(Data extract Opens)

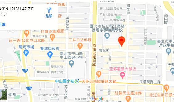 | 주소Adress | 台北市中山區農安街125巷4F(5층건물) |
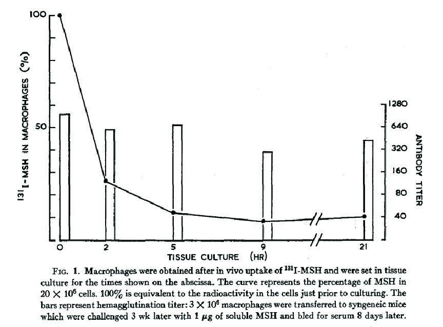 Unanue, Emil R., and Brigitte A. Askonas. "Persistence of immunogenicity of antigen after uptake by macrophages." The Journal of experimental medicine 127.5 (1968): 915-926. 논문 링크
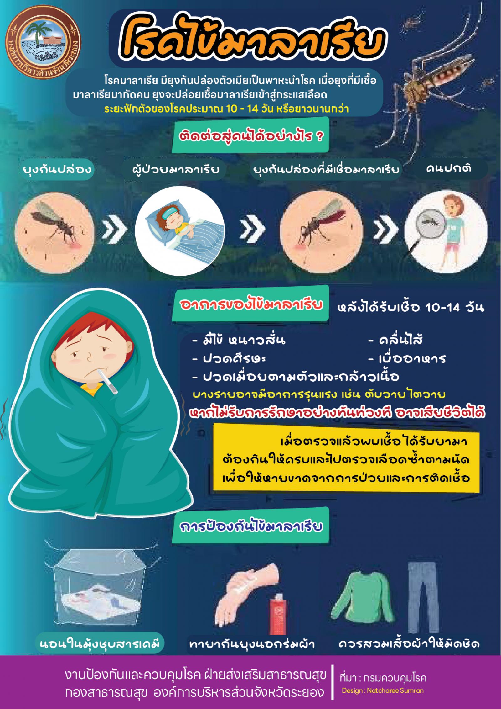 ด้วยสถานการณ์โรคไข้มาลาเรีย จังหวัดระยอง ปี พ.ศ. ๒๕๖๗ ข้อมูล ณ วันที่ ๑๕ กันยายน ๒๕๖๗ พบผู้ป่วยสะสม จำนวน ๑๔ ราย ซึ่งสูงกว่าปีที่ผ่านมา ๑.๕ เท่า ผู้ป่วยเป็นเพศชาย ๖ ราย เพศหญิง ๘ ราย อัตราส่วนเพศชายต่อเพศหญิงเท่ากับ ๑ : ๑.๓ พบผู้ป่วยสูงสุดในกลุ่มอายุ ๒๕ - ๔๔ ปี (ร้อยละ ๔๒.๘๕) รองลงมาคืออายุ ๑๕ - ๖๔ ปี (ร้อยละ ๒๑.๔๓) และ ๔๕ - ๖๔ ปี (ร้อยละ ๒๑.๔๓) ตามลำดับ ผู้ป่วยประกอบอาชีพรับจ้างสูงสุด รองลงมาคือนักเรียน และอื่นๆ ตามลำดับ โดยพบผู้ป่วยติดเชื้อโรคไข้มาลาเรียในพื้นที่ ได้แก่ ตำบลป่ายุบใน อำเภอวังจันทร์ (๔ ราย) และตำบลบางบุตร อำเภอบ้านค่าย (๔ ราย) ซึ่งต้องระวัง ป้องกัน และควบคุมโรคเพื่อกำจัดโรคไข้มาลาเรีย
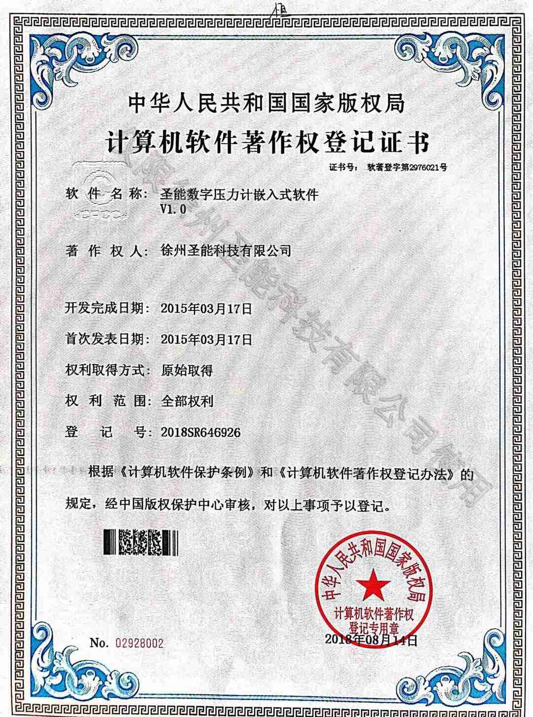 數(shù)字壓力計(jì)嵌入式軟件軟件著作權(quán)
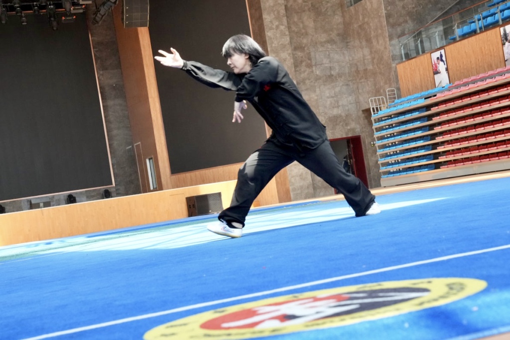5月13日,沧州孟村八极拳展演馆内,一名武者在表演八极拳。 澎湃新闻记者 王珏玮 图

(Data extract Closes)
(Data extract Opens)

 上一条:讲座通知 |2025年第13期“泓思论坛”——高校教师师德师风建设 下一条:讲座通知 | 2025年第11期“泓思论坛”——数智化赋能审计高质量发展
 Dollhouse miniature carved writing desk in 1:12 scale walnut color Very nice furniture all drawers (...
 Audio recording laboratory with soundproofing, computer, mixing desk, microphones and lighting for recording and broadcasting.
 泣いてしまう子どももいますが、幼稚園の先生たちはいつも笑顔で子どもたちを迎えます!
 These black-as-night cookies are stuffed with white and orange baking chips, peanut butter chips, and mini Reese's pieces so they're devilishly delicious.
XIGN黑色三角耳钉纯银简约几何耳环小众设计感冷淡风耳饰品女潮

(Data extract Closes)

- **About this exercise**: Only lines with the word "desk" count here; copy every one from the records.

- **Answer area**:
 Dollhouse miniature carved writing desk in 1:12 scale walnut color Very nice furniture all drawers (...
 Audio recording laboratory with soundproofing, computer, mixing desk, microphones and lighting for recording and broadcasting.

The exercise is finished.